Comparison of Linear and Top Performing Models

The amount of variation in obesity prevalence explained by demographic, socioeconomic, health care, and environmental factors using linear regression and the top-performing machine learning model was compared using 30-fold cross validation. For all of the 30 held-out data sets, the resulting R2 values were compared using the paired Wilcoxon signed-rank test, the nonparametric alternative to the paired t test. To test whether additional county-level factors beyond those described above explained more of the variation in obesity prevalence, the above comparison was repeated for all variables available in the data set. All analyses were performed using R version 3.5.1; RStudio Version 1.0.143; and caret, a statistical package for R (The R Foundation).[20] Statistical significance was determined using 2-sided P < .05.

Results

Among the 3138 counties studied, the mean (range) obesity prevalence was 31.5% (12.8%-47.8%) (Figure 1A).
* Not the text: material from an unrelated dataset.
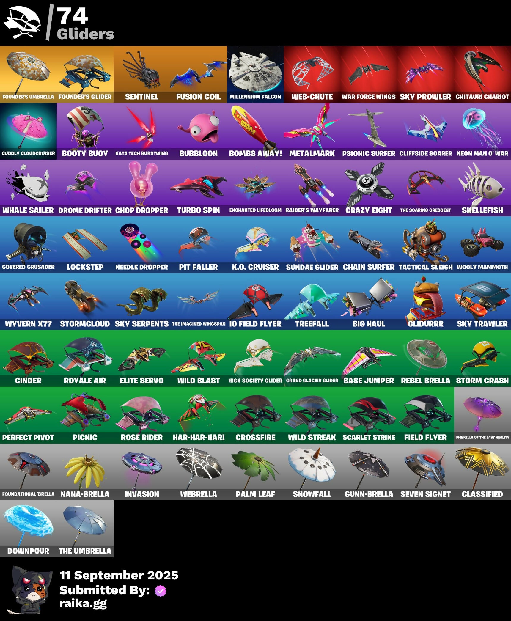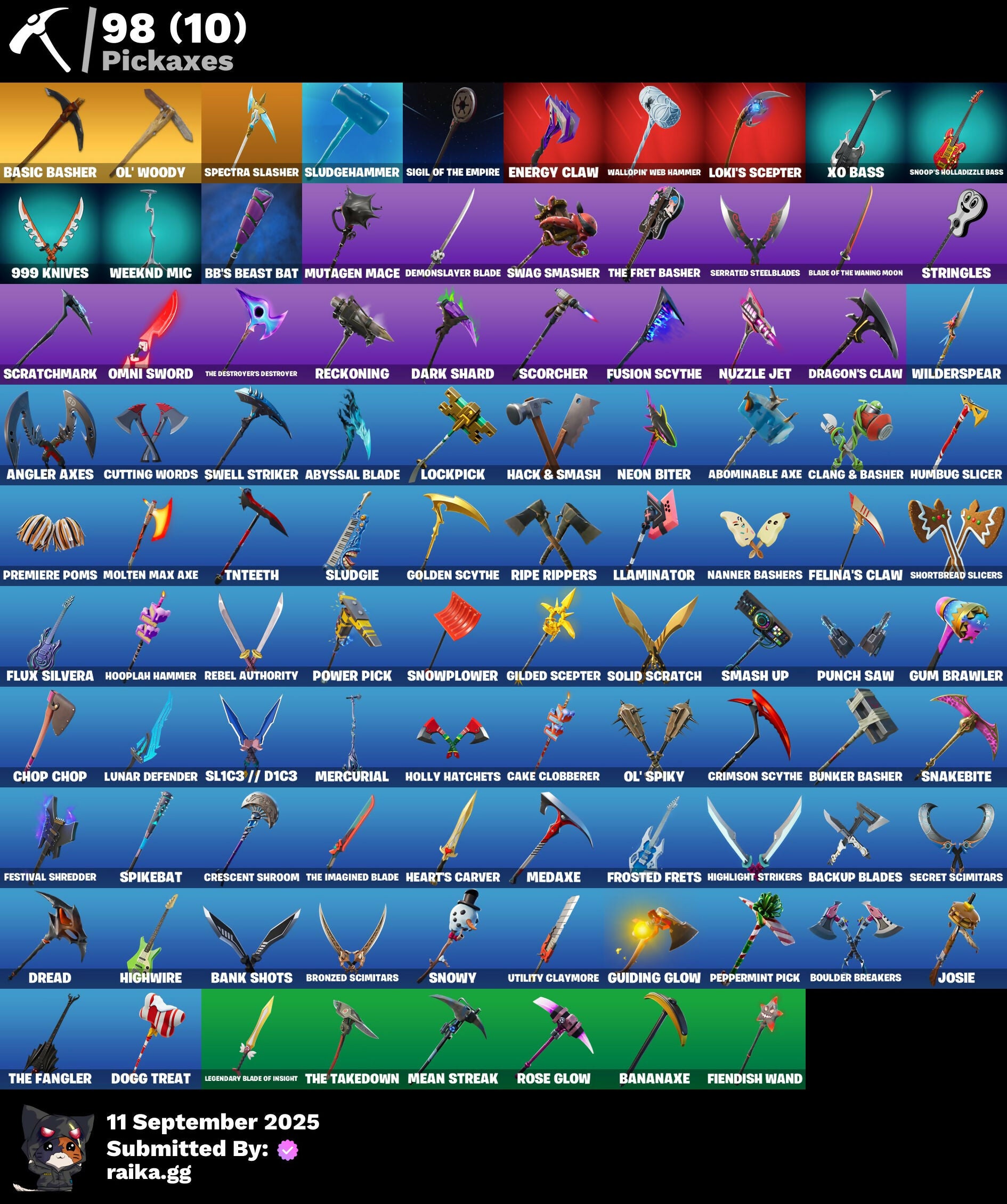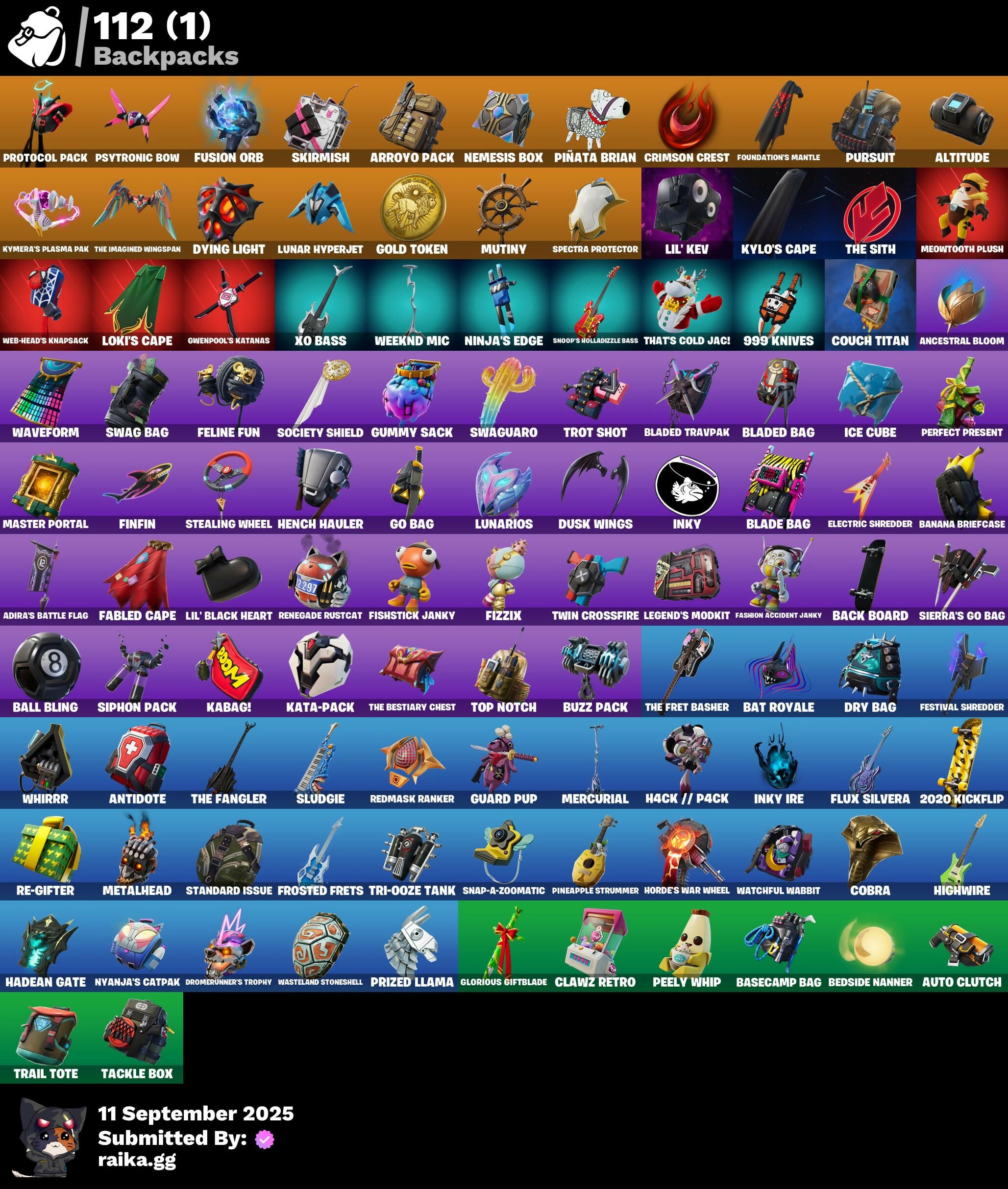 2020 Kickflip, 8-Ball Vs Scratch, 999 Knives, Abominable Axe, Absenz, Abyssal Blade, Adira's Battle Flag, Agent Peely, Altitude, Ancestral Bloom, Angler Axes, Antidote, Arroyo Pack, Auto Clutch, BB's Beast Bat, Back Board, Backup Blades, Ball Bling, Banana Briefcase, Bananaxe, Bank Shots, Base Jumper, Basecamp Bag, Basic Basher, Bat Royale, Bear Hug, Beast Boy, Bedside Nanner, Behold!, Big Haul, Blackheart, Blade Bag, Blade Of The Waning Moon, Bladed Bag, Bladed Travpak, Boing!, Bombs Away!, Boogie Down, Booty Buoy, Boulder Breakers, Bronzed Scimitars, Brutus, Bubbloon, Bunker Basher, Bunker Jonesy, Buzz Pack, Cake Clobberer, Calamity, Call Me, Cameo Vs Chic, Capoeira, Cat Flip, Chain Surfer, Chaos Origins, Charlotte, Chigusa, Chitauri Chariot, Choice Knit, Chop Chop, Chop Dropper, Cinder, Clang & Basher, Classified, Clawz Retro, Clean Sweep, Cliffside Soarer, Cluck Strut, Cobra, Committed, Conga, Couch Titan, Covered Crusader, Crazy Eight, Crescent Shroom, Crimson Crest, Crimson Scythe, Crossfire, Crowning Achievement, Cuddly Cloudcruiser, Cutting Words, Cyclo Curl, DJ Yonder, Dance Monkey, Dark Shard, Deadpool, Demonslayer Blade, Dogg Treat, Don't Start Now, Downpour, Dragon Stance, Dragon's Claw, Dread, Drome Drifter, Dromerunner's Trophy, Droop, Dry Bag, Dusk Wings, Dying Light, Electric Shredder, Elite Servo, Ember, Enchanted Lifebloom, Energy Claw, Everybody Loves Me, Fable, Fabled Cape, Fashion Accident Janky, Felina, Felina's Claw, Feline Fun, Festival Shredder, Field Flyer, Fiendish Wand, Finfin, Fishstick Janky, Fizzix, Flashback Breakdown, Flippin' Incredible, Flippin' Sexy, Flux Silvera, Foil Flex, Foundation's Mantle, Foundational 'Brella, Founder's Glider, Founder's Umbrella, Frosted Frets, Fusion, Fusion Coil, Fusion Orb, Fusion Scythe, Gear Specialist Maya, Get Funky, Giddy-Up, Gilded Scepter, Glidurr, Glorious Giftblade, Glumbunny, Go Bag, Gold Token, Golden Scythe, Golf Clap, Grand Glacier Glider, Ground Pound, Guard Pup, Guggimon, Guiding Glow, Gum Brawler, Gumbo, Gummy Sack, Gunn-Brella, Gunnar, Gwenpool's Katanas, H4ck // P4ck, Hack & Smash, Hadean Gate, Hand-Forged, Har-Har-Har!, Harlowe, Haven, Heart's Carver, Hello Friend, Hench Hauler, High Five, High Society Glider, Highlight Strikers, Highwire, Holiday Boxy, Holly Hatchets, Hooplah Hammer, Horde's War Wheel, Hot Marat, Howl, Hula Hoopin', Humbug Slicer, Hybrid, IO Field Flyer, Ice Cube, Imperial March, Inferno, Inky, Inky Ire, Invasion, It Is Finished, It's A Vibe, It's Go Time!, It's... You?, Josie, Journey Vs Hazard, Jubilation, K.O. Cruiser, Kabag!, Kata Tech Burstwing, Kata-Pack, Kaws Skeleton, Krisabelle, Kylo Ren, Kylo's Cape, Kymera, Kymera's Plasma Pak, Laguna, Legend's Modkit, Legendary Blade Of Insight, Lil Split, Lil' Black Heart, Lil' Bounce, Lil' Kev, Lil' Monster, Lil' Saucer, Llaminator, Lock It Up, Lockpick, Lockstep, Loki Laufeyson, Loki's Cape, Loki's Scepter, Love It!, Lt. Evergreen, Lt. John Llama, Lunar Charge, Lunar Defender, Lunar Hyperjet, Lunarios, Lynx, Lyric, Make A Seat, Master Key, Master Portal, Mean Streak, Mecha Cuddle Master, Medaxe, Megumi, Meowtooth Plush, Mercurial, Metalhead, Metalmark, Mic Drop, Millennium Falcon, Molten Max Axe, Mutagen Mace, Mutiny, Mwahaha, Nailed It, Nana Nana, Nana-Brella, Nanner Bashers, Needle Dropper, Nemesis Box, Neon Biter, Neon Man O' War, Ninja, Ninja Style, Ninja's Edge, Nuzzle Jet, Nyanja's Catpak, Ol' Spiky, Ol' Woody, Omni Sword, Palm Leaf, Pandemonium, Paradigm (Reality-659), Party Hips, Paws & Claws, Peace Out, Peely, Peely Whip, Peppermint Pick, Perfect Pivot, Perfect Present, Picnic, Pineapple Strummer, Pit Faller, Piñata Brian, Polar Peely, Powder, Power Pick, Premiere Poms, Prized Llama, Protocol Pack, Prowler, Psionic Surfer, Psytronic Bow, Pump Me Up, Punch Saw, Pursuit, Raider's Wayfarer, Re-Gifter, Ready When You Are, Rebel Authority, Rebel Brella, Reckoning, Red Strike, Redmask Ranker, Regal Wave, Remedy Vs Toxin, Renegade Rustcat, Respect The Peace, Ride The Pony, Ripe Rippers, Rippley Vs Sludge, Robo-Kevin, Ronin, Rose Glow, Rose Rider, Rose Team Leader, Rox, Royale Air, Ruin, Running Man, SL1C3 // D1C3, Sad Trombone, Scarlet Strike, Scorcher, Scratchmark, Secret Scimitars, Segway Tour, Sentinel, Serrated Steelblades, Serve Stance, Seven Signet, Sgt. Winter, Shake & Split, Shanta, Shaolin Sip, Sharpshooter, Shimmer, Shortbread Slicers, Side Hustle, Side Shuffle, Sidewinder, Sierra, Sierra's Go Bag, Sigil Of The Empire, Siphon Pack, Skellefish, Skirmish, Sky Prowler, Sky Serpents, Sky Trawler, Slayer Juice Wrld, Slitherin', Sludgehammer, Sludgie, Smash Up, Snakebite, Snap-A-Zoomatic, Snoop's Holladizzle Bass, Snoozefest, Snowfall, Snowplower, Snowshaker, Snowy, Society Shield, Solid Scratch, Spectra Knight, Spectra Protector, Spectra Slasher, Spider-Man, Spikebat, Standard Issue, Stay Afloat, Stealing Wheel, Storm Crash, Stormcloud, Stringles, Summit Striker, Sundae Glider, Sunny, Swag Bag, Swag Smasher, Swaguaro, Swell Striker, T-Pose, TNTeeth, TNTina, Tackle Box, Tactical Sleigh, That's Cold Jac!, The Ace, The Bestiary Chest, The Break Shot, The Destroyer's Destroyer, The Fangler, The Fret Basher, The Imagined, The Imagined Blade, The Imagined Wingspan, The Sith, The Soaring Crescent, The Takedown, The Umbrella, Toona Fish, Top Notch, Trail Tote, Treefall, Tri-Ooze Tank, Trog, Trot Shot, Tsuki 2.0, Turbo Spin, Turk Vs Riptide, Twin Crossfire, Umbrella Of The Last Reality, Utility Claymore, Vega, VuleJacket, Wallopin' Web Hammer, War Force Wings, Warpaint, Wasteland Stoneshell, Watchful Wabbit, Wavebreaker, Waveform, Wavy T, Web-Chute, Web-Head's Knapsack, Webrella, Weeknd Mic, Whale Sailer, Whirrr, Wild Blast, Wild Streak, Wilder, Wilderspear, Winterfest Bushranger, Without You, Wooly Mammoth, Wooly Warrior, Wyvern X77, XO Bass, Yay!, Yuki, Zenith

The 25th percentile of the 2018 county-level obesity prevalence was 28.8%, the 50th was 31.8%, and the 75th percentile was 34.4%. The South census region had a mean obesity prevalence of 32.9%, the Midwest had a mean prevalence of 32.2%, Northeast had a mean prevalence of 28.6%, and the West had a mean prevalence of 26.6%. The distribution of obesity prevalence differed (P < .001) between regions (Figure 1B).

Figure 1.

Distribution of Obesity Prevalence by County and Census Region

A, Map of US counties by obesity prevalence. B, Density plot of county-level obesity prevalence in each US Census region.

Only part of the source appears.